▶ About this exercise:
Among the entries below, only the lines starting at the one with "博主數(shù)碼閑聊站透露" and ending at the one with "This zipped make", both included, are to be printed exactly.

::: Data provided :::

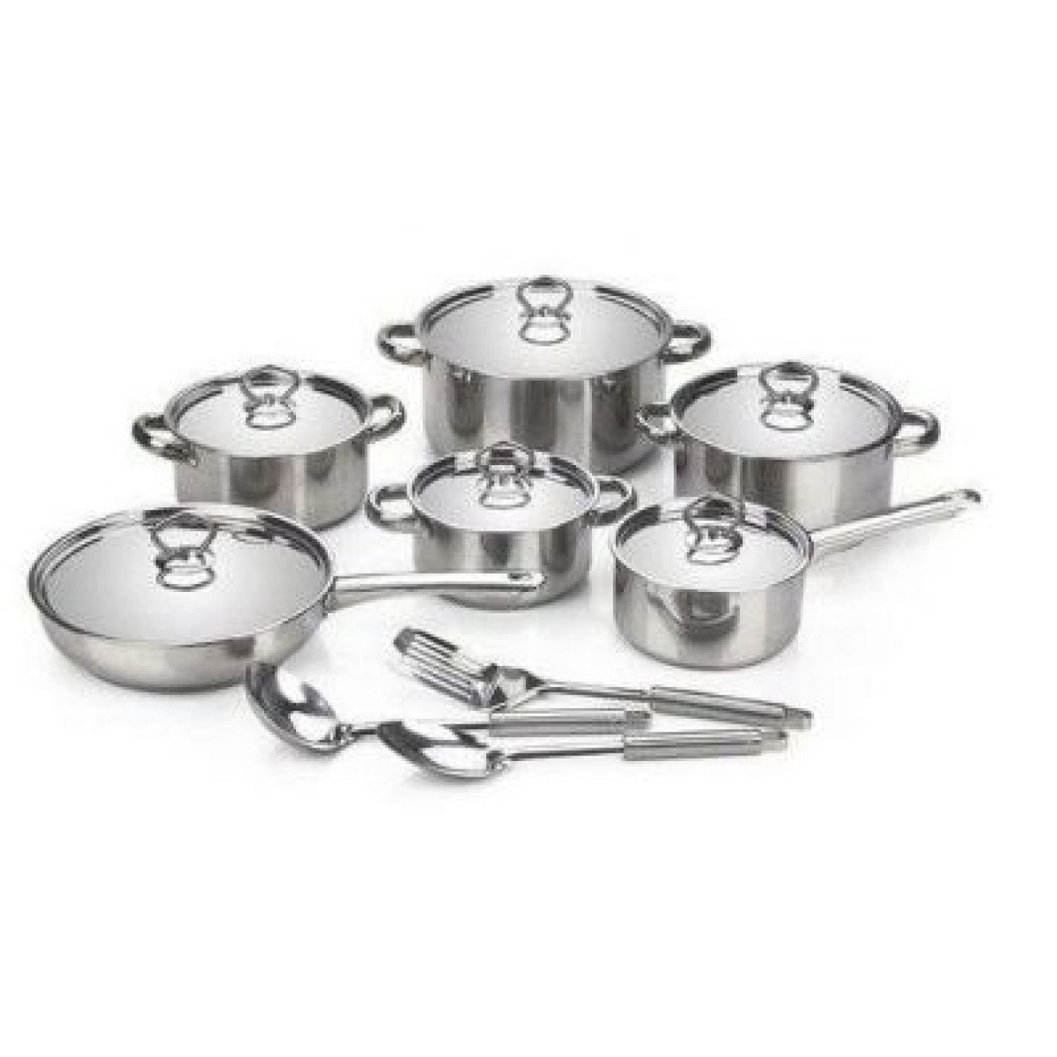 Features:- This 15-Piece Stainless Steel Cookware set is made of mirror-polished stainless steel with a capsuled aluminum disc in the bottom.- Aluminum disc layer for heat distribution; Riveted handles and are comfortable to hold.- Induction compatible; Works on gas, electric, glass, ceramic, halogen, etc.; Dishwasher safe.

:::
::: Data provided :::

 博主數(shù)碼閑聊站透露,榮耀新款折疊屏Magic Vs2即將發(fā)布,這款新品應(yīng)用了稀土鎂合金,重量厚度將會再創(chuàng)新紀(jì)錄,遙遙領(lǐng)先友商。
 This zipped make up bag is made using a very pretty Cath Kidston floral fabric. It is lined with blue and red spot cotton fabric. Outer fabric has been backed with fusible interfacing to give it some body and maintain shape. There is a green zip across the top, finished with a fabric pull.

:::
::: Data provided :::

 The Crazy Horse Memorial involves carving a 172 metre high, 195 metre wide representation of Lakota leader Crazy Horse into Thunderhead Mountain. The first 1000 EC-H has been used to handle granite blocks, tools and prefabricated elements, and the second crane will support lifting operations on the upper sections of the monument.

:::

▶ Answer to the problem:
 博主數(shù)碼閑聊站透露,榮耀新款折疊屏Magic Vs2即將發(fā)布,這款新品應(yīng)用了稀土鎂合金,重量厚度將會再創(chuàng)新紀(jì)錄,遙遙領(lǐng)先友商。
 This zipped make up bag is made using a very pretty Cath Kidston floral fabric. It is lined with blue and red spot cotton fabric. Outer fabric has been backed with fusible interfacing to give it some body and maintain shape. There is a green zip across the top, finished with a fabric pull.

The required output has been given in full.